Experience the vibrant flavors of Spain with this modern take on traditional Chicken Paella. Utilizing best practices in contemporary cooking, this recipe brings out the rich blend of saffron, smoked paprika, and fresh vegetables, all simmered to perfection with tender chicken thighs. Easy to make yet impressively delightful, it's perfect for a satisfying family meal.

Ingredients

  • 2 tablespoons olive oil
  • 1 pound chicken thighs, boneless and skinless
  • 1 onion, diced
  • 2 cloves garlic, minced
  • 1 red bell pepper, diced
  • 1 cup Arborio rice
  • 2 cups chicken broth
  • 1 tomato, diced
  • 1 cup frozen peas
  • 1 teaspoon smoked paprika
  • 1/2 teaspoon saffron threads
  • Salt and pepper to taste
  • Lemon wedges, for serving

Directions

  1. 1

    Heat the olive oil in a large skillet over medium-high heat.

  2. 2

    Brown the chicken thighs until golden, about 5 minutes.

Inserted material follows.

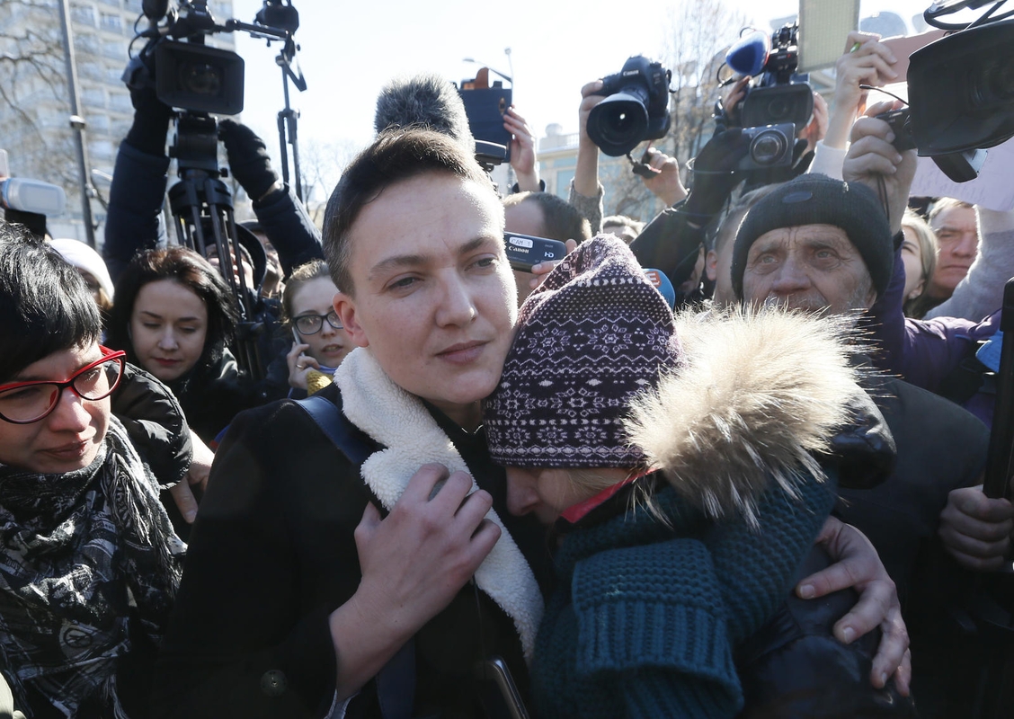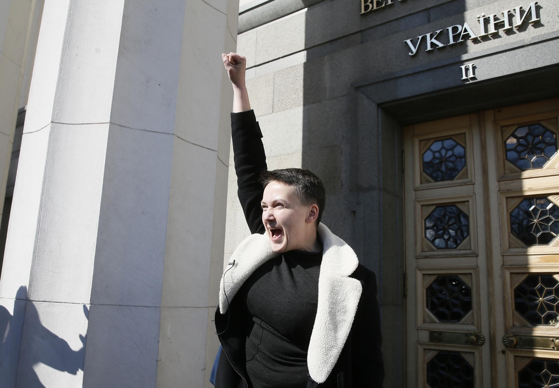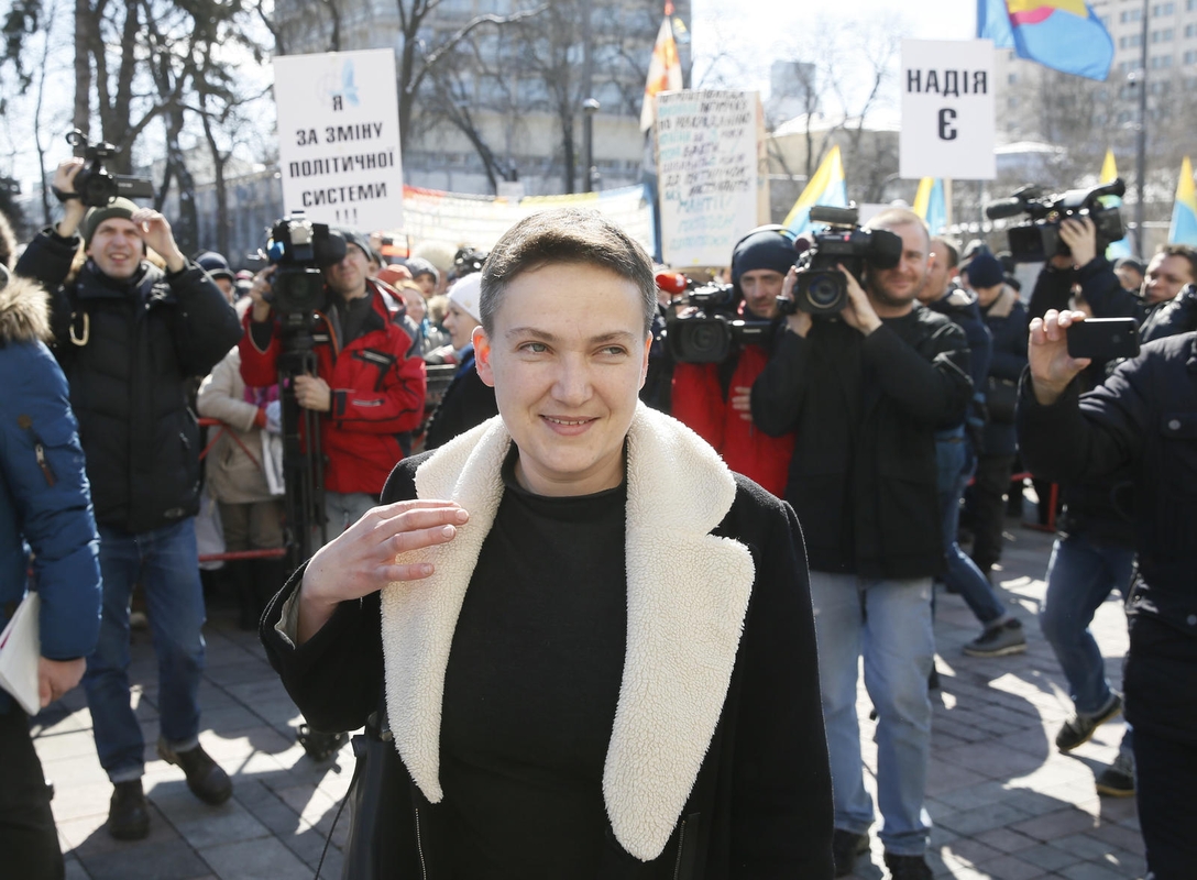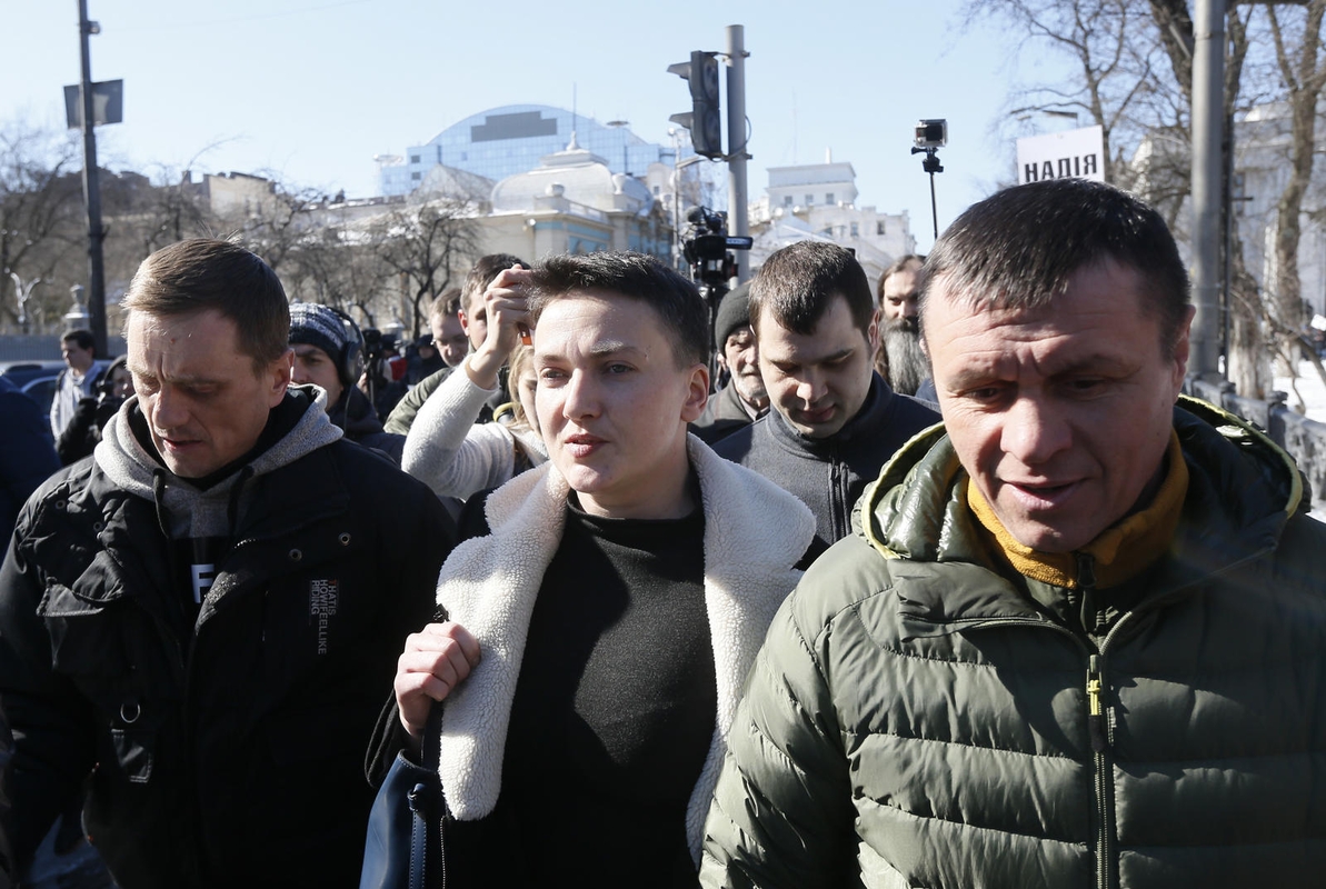 Pranešama, kad tyrėjų, žurnalistų, kelių šalininkų ir sesers lydima N. Savčenko iš Aukščiausiosios Rados išėjo į netoliese esančią Ukrainos saugumo tarnybą.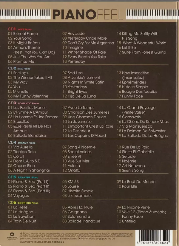 Jean-François Maljean: Piano Feel Die Version auf 6CD in Standard- Auflage. Diese besondere Auflage wurde veröffentlicht in Singapur im Verlag Warner Music Singapore am 11. September 2012. Album Genres übergreifend Pop, Klassische Musik, Folk, World, & Country, Elektronische Musik und New Age.

Set aside.

  3. 3

    In the same skillet, cook onion, garlic, and red bell pepper until softened, about 5 minutes.

  4. 4

    Stir in the tomato, smoked paprika, and saffron. Add salt and pepper to taste.

  5. 5

    Mix in the Arborio rice, ensuring it is coated with the vegetable mixture.

  6. 6

    Pour in the chicken broth and bring to a gentle simmer. Cook covered on low heat for 25 minutes.

  7. 7

    Stir in the frozen peas and continue cooking uncovered for 5 minutes until rice is tender.

  8. 8

    Serve the paella topped with grilled chicken thighs and lemon wedges.

Chef's tip

This paella stays true to tradition while embracing modern cooking efficiency. Feel free to substitute Arborio rice with bomba rice for a more authentic texture.